─── Data provided

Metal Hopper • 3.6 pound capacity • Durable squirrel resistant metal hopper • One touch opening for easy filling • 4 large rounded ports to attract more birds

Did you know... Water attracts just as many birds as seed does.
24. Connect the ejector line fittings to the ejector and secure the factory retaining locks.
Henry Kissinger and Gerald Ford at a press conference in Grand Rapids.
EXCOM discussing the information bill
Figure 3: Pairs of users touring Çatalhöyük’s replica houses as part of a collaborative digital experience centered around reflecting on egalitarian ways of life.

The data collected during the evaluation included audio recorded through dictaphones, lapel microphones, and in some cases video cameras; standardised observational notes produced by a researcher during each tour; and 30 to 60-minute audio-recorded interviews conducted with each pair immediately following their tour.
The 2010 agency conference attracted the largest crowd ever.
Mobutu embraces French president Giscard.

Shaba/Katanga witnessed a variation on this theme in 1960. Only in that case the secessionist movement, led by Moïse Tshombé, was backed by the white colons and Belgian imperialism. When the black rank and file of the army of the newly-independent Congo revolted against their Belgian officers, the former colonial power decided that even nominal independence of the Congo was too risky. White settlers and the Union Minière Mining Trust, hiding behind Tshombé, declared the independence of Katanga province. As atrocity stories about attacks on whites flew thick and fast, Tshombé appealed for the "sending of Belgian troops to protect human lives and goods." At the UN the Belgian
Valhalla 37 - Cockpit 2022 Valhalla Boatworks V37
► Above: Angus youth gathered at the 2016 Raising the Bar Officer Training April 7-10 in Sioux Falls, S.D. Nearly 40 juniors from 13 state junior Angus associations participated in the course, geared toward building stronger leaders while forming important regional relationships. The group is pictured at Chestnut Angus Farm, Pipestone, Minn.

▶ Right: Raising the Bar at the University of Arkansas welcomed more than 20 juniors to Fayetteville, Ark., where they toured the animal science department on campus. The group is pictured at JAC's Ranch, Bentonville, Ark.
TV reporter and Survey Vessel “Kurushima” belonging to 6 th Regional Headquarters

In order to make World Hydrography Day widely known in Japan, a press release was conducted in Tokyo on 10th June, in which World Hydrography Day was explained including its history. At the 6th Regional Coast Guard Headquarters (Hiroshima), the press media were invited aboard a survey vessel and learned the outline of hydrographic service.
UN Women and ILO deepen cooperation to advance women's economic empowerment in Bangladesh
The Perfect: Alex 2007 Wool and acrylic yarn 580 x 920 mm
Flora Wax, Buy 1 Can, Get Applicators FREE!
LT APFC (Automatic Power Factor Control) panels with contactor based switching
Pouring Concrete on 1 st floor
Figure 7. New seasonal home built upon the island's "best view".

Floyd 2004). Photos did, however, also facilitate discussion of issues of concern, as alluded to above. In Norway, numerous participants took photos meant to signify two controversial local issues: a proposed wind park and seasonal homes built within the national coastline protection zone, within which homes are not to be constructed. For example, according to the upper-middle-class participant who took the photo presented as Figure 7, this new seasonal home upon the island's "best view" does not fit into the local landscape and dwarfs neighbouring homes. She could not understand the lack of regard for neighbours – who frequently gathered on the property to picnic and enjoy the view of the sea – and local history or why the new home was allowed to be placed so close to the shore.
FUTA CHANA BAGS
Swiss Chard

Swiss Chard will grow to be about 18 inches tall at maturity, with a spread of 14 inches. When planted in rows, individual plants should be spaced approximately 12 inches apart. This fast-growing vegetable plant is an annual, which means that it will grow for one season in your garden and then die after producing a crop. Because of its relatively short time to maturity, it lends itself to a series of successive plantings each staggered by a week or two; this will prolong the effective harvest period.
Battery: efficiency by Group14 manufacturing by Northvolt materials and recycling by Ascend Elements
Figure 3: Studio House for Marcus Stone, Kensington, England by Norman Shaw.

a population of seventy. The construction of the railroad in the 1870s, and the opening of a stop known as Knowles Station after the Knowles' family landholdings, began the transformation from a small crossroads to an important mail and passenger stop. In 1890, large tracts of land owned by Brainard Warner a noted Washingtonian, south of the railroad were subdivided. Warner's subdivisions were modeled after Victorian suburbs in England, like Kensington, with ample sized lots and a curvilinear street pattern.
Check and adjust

──────

When you reach the line in the material above that holds "Farm, Pipestone, Minn.", begin reproducing lines exactly, and stop after the line that holds "Figure 7. New".

► Above: Angus youth gathered at the 2016 Raising the Bar Officer Training April 7-10 in Sioux Falls, S.D. Nearly 40 juniors from 13 state junior Angus associations participated in the course, geared toward building stronger leaders while forming important regional relationships. The group is pictured at Chestnut Angus Farm, Pipestone, Minn.

▶ Right: Raising the Bar at the University of Arkansas welcomed more than 20 juniors to Fayetteville, Ark., where they toured the animal science department on campus. The group is pictured at JAC's Ranch, Bentonville, Ark.
TV reporter and Survey Vessel “Kurushima” belonging to 6 th Regional Headquarters

In order to make World Hydrography Day widely known in Japan, a press release was conducted in Tokyo on 10th June, in which World Hydrography Day was explained including its history. At the 6th Regional Coast Guard Headquarters (Hiroshima), the press media were invited aboard a survey vessel and learned the outline of hydrographic service.
UN Women and ILO deepen cooperation to advance women's economic empowerment in Bangladesh
The Perfect: Alex 2007 Wool and acrylic yarn 580 x 920 mm
Flora Wax, Buy 1 Can, Get Applicators FREE!
LT APFC (Automatic Power Factor Control) panels with contactor based switching
Pouring Concrete on 1 st floor
Figure 7. New seasonal home built upon the island's "best view".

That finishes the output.